Moore, 23, and Brassard, 26, teamed up in Game 4 to assist on Benoit Pouliot's game-opening goal in the Rangers' 2-1 victory against the Kings. Dorsett contributed five hits and a take-away.
"Happy to be with the Rangers, they've given the guys a chance to produce and be successful," Brassard said. "Since we got here, we've been playing well. Johnny's a great young defenseman; the best is in front of him. 'Dors' is a hard-nosed power forward who's not that big, but plays big. We're having fun — a few wins from my dream.
"Obviously, trades happen. It's part of the business, part of the sport. This one has worked out."
Actually, it didn't work out for Gaborik and the Kings until Columbus sent the forward west before this season's trade deadline. Gaborik has 21 points in the postseason, including a goal, an assist and 11 shots on goal in the Final.
That '70s headache
The Rangers said there will be great attention given to the Kings' line of center Jeff Carter and young forwards Tyler Toffoli and Tanner Pearson, which combined for 14 shots on goal, including a handful of near misses.

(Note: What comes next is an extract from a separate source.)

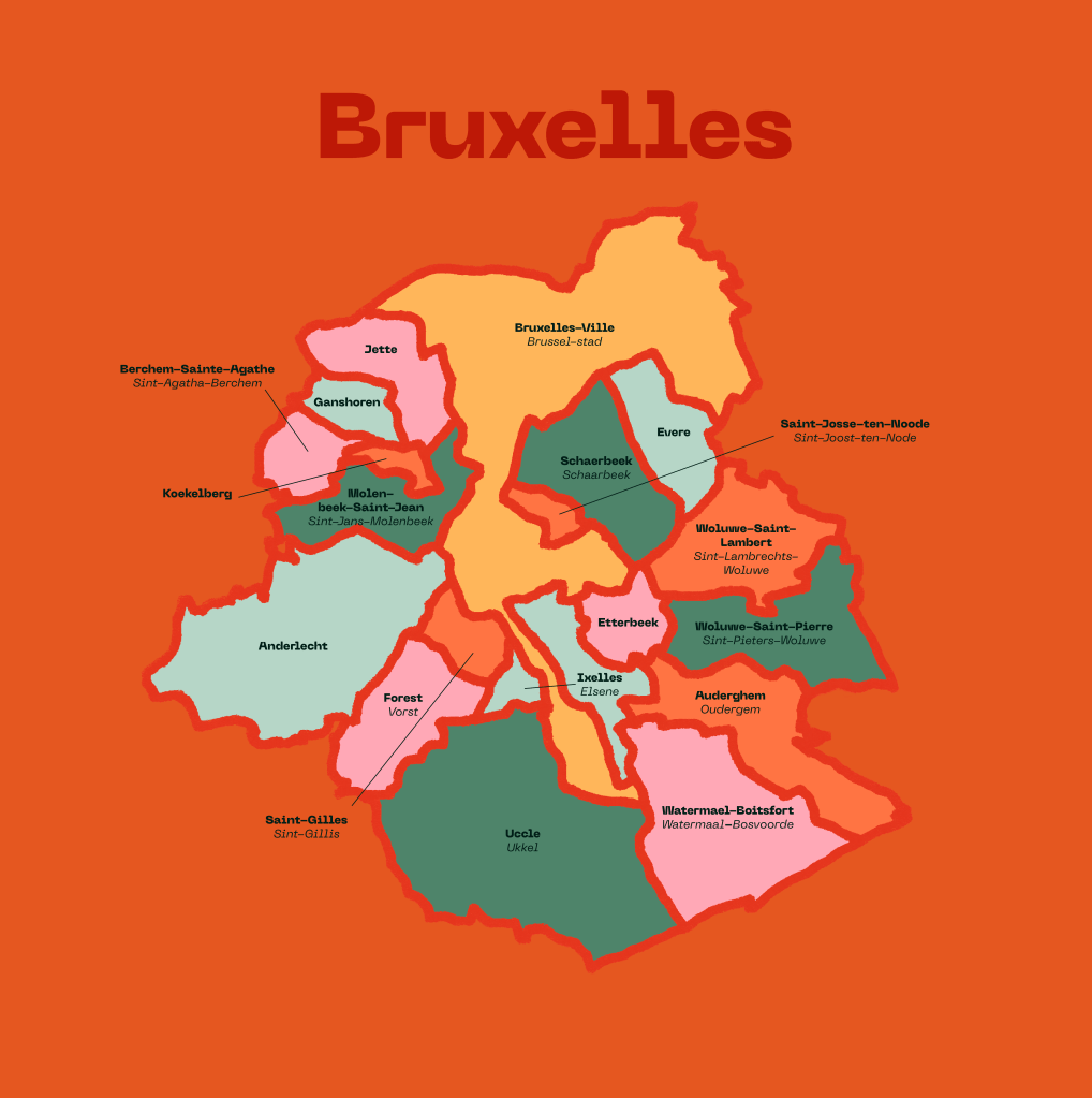 Bruxelles è una città stratificata. Il centro storico conserva un forte legame con la sua storia medievale, con vie strette e tortuose che riflettono la crescita organica della città nei secoli passati. Qui le intitolazioni femminili sono ancora limitate, mentre prevalgono, invece, i nomi di figure storiche maschili, sovrani e santi.

New York Coach Alain Vigneault said Toffoli-Carter-Pearson "were, without a doubt — especially on that second period there, with their outside speed — a real force.
"It happened a few times when that line was on, we didn't manage the puck the way we were supposed to. They're coming one way, we're going the other. It's tough for any [defensemen] or forwards to be able to handle that speed. We're very aware of it and we're going to try to do a better job."
By drawing 3.383 million viewers to Game 4 of the Stanley Cup Final, NBC Sports Network announced it broadcasted the most-watched Stanley Cup playoffs in 17 years.
An average of 1.098 million viewers watched the 77 playoff games on NBCSN, a rise of 10% from last year's viewership. The ESPN-televised playoffs in 1997, won by the Detroit Red Wings, drew a 1.211-million average.
Average viewership for this season's final is 4.652 million, the highest since the 2002 Detroit-Carolina final (4.726-million average).
No LIVE video
The Kings announced they will not be showing Game 5 on the L.A. LIVE video screens.The Kings noted in a statement that all restaurants at L.A. LIVE will be open and show the game on televisions inside their facilities.